Extracted information Start Marker

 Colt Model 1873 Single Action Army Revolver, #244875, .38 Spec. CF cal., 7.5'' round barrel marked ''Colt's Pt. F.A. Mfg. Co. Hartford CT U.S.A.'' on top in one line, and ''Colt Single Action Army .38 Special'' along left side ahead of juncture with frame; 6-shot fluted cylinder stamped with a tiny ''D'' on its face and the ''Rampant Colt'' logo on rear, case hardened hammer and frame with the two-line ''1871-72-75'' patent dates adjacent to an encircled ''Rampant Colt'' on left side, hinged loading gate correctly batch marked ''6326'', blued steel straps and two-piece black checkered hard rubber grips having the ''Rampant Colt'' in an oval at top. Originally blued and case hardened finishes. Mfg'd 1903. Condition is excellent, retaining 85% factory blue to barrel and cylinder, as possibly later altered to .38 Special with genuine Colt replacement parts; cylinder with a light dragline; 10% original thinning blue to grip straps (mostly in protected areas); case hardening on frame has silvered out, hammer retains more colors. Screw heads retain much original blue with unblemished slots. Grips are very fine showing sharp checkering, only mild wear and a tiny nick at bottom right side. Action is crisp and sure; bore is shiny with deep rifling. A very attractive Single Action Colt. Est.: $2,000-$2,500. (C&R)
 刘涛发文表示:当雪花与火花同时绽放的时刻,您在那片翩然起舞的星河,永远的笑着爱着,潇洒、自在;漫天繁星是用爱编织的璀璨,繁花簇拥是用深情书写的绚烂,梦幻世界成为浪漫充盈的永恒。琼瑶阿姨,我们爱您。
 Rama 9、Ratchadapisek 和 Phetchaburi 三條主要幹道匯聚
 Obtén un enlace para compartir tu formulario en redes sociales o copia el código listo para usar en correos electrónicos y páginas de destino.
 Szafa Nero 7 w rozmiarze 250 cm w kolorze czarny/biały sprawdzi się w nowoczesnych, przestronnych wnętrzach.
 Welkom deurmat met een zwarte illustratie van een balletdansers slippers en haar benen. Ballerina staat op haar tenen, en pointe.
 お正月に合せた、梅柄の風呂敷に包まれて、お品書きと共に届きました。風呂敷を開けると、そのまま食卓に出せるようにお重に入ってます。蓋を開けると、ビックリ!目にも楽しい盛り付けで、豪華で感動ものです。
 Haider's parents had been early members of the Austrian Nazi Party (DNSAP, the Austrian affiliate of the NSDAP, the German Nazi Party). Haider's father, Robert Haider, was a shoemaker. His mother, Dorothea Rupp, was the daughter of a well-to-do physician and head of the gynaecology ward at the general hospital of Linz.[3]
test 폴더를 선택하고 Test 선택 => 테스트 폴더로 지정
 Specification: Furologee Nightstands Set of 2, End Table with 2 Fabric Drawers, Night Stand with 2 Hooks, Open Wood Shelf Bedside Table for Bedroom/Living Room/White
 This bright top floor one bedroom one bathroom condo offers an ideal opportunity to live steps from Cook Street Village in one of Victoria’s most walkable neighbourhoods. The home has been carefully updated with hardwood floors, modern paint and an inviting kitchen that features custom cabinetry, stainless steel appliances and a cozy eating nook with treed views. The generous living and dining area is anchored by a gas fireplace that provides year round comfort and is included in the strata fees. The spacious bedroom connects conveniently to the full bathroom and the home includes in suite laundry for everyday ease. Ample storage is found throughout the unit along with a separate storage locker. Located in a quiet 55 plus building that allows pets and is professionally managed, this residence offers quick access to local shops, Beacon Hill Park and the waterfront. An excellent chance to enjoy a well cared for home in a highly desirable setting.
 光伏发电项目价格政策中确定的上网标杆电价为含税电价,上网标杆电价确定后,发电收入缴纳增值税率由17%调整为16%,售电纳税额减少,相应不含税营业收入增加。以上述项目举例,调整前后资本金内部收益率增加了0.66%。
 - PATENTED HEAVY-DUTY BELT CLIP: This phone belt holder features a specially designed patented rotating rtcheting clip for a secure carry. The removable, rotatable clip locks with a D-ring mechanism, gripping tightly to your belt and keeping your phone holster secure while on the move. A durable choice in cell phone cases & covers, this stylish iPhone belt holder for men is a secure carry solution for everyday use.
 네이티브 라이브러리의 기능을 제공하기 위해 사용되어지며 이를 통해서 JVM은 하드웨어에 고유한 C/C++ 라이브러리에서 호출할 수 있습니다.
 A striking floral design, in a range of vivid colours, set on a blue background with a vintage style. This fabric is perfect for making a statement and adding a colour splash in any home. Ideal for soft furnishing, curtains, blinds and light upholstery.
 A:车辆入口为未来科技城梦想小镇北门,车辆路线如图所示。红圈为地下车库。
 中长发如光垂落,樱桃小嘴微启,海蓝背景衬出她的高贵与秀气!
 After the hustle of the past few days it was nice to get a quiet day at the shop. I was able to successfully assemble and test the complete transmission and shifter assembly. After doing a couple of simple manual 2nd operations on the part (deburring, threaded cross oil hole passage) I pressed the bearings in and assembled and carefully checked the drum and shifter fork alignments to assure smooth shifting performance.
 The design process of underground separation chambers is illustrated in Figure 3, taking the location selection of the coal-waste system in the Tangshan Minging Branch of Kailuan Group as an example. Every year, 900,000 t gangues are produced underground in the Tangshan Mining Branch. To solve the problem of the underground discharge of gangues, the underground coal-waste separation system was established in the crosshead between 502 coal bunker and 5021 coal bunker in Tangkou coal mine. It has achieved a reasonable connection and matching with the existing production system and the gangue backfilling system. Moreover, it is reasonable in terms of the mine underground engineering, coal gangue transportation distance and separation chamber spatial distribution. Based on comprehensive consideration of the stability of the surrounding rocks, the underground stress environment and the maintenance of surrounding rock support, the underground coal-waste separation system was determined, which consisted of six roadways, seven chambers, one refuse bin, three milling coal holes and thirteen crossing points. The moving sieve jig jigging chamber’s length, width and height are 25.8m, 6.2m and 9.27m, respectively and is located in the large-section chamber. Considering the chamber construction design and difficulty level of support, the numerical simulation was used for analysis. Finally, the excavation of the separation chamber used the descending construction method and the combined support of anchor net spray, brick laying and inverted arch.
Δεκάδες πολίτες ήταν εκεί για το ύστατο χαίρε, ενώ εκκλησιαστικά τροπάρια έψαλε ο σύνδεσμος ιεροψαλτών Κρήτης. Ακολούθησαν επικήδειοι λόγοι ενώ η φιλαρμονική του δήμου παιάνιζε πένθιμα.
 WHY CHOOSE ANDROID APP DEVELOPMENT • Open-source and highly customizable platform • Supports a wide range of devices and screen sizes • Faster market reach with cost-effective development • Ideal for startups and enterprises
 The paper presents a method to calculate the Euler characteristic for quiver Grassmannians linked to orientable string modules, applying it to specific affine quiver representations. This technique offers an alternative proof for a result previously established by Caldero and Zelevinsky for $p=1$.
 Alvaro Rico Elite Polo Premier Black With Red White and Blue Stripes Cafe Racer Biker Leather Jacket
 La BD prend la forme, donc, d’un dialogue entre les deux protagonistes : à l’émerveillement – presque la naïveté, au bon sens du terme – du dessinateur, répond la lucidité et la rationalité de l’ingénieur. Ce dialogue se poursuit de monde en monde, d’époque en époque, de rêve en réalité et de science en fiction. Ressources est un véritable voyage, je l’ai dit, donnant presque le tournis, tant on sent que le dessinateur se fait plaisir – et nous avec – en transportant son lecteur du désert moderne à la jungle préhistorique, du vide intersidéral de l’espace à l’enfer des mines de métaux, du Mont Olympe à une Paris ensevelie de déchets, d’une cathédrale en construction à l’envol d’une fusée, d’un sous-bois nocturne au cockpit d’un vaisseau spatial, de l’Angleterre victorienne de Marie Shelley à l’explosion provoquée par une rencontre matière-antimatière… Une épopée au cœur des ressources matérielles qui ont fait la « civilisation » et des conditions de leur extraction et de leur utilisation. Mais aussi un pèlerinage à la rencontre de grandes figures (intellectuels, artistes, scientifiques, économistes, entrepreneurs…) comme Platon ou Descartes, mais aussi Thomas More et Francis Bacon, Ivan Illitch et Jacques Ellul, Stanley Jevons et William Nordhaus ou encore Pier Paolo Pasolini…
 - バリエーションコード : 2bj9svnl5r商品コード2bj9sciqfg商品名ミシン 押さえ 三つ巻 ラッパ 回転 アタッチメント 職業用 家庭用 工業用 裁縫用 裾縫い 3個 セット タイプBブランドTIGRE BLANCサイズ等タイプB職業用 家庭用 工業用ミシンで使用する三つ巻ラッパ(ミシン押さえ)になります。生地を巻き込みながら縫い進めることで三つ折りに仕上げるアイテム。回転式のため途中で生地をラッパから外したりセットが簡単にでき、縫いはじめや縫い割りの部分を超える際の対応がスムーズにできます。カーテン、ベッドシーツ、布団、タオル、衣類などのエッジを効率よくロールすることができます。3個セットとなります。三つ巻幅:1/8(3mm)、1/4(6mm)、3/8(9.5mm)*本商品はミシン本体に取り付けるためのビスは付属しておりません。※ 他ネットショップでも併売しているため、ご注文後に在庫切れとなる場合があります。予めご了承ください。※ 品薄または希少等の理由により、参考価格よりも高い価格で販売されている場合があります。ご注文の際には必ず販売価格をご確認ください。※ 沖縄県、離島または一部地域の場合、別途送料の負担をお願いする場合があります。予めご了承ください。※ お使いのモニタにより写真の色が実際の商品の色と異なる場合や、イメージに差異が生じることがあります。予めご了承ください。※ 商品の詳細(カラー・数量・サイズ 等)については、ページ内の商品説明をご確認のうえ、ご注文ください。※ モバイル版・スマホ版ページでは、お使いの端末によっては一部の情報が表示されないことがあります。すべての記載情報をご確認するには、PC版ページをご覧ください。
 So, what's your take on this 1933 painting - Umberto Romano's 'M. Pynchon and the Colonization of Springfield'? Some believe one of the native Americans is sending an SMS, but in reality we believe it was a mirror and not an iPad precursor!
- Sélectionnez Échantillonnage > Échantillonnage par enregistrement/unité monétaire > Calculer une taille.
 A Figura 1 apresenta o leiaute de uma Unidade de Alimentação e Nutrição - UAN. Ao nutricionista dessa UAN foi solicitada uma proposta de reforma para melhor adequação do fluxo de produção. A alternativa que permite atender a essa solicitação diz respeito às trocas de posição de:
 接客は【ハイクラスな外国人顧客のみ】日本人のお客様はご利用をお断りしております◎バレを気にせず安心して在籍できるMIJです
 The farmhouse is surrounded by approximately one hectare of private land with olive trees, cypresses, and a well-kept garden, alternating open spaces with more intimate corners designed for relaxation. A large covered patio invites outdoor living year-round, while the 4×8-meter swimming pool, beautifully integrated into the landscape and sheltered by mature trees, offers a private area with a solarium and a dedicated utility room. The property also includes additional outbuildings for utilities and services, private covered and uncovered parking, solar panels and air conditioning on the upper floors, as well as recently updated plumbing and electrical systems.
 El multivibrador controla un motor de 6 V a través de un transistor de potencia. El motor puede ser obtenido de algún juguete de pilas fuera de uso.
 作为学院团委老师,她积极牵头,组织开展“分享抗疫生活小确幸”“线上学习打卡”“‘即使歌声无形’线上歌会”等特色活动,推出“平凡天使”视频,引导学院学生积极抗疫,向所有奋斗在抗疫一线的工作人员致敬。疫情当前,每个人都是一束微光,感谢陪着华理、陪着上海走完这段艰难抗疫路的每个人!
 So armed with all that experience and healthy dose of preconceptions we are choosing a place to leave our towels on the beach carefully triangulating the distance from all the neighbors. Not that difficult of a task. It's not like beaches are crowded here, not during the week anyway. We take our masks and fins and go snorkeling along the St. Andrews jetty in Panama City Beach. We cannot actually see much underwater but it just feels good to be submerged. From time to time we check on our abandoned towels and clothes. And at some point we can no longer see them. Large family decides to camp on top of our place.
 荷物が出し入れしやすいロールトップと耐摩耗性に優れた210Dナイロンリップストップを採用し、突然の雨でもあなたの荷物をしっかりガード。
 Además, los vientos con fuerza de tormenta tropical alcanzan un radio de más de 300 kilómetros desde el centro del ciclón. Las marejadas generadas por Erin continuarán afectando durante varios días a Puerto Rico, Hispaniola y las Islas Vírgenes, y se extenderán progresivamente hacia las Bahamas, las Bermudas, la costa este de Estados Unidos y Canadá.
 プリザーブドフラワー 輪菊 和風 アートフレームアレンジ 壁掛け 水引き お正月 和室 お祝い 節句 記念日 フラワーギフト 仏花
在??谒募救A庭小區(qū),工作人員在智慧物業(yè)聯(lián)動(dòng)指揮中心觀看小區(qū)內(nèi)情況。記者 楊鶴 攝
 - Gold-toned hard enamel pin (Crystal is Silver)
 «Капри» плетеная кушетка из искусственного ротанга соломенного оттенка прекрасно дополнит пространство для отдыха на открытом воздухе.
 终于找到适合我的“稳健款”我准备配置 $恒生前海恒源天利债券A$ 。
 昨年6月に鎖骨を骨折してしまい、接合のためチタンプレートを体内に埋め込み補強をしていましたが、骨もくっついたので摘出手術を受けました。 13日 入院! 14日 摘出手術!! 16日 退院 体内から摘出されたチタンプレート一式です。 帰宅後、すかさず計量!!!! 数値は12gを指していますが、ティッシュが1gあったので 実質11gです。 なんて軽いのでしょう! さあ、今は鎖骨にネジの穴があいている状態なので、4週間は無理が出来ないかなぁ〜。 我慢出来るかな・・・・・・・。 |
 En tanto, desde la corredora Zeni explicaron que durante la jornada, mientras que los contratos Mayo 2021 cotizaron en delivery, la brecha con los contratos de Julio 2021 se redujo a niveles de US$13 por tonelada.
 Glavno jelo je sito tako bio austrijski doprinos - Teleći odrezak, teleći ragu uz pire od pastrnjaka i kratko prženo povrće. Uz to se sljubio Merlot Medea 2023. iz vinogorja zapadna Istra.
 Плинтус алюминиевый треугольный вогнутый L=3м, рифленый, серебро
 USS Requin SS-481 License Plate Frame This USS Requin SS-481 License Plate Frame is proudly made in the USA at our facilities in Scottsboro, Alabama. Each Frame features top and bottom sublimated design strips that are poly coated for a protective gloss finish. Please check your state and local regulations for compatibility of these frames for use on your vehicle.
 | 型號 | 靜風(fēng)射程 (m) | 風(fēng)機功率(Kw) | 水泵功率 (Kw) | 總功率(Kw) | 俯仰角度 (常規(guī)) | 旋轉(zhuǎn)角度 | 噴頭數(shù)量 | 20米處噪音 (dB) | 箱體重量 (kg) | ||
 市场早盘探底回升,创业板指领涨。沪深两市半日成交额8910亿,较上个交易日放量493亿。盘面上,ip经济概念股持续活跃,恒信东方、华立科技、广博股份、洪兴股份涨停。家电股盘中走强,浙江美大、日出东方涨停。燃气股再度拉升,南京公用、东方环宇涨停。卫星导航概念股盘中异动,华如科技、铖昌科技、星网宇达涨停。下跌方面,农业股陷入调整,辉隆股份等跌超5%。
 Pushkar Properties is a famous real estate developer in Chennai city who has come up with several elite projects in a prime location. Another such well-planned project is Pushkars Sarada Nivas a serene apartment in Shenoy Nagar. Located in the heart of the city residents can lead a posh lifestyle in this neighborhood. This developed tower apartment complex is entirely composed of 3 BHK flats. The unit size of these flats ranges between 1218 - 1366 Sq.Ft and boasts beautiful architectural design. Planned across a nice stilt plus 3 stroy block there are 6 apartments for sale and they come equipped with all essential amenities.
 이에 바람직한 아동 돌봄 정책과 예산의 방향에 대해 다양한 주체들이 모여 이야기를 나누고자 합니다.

Extracted information End Marker

■ **What the task asks**
Out of the listing above, reproduce exactly the lines from the one with "WHY CHOOSE ANDROID" up to and including the one with "The paper presents".

■ **Expected output**
 WHY CHOOSE ANDROID APP DEVELOPMENT • Open-source and highly customizable platform • Supports a wide range of devices and screen sizes • Faster market reach with cost-effective development • Ideal for startups and enterprises
 The paper presents a method to calculate the Euler characteristic for quiver Grassmannians linked to orientable string modules, applying it to specific affine quiver representations. This technique offers an alternative proof for a result previously established by Caldero and Zelevinsky for $p=1$.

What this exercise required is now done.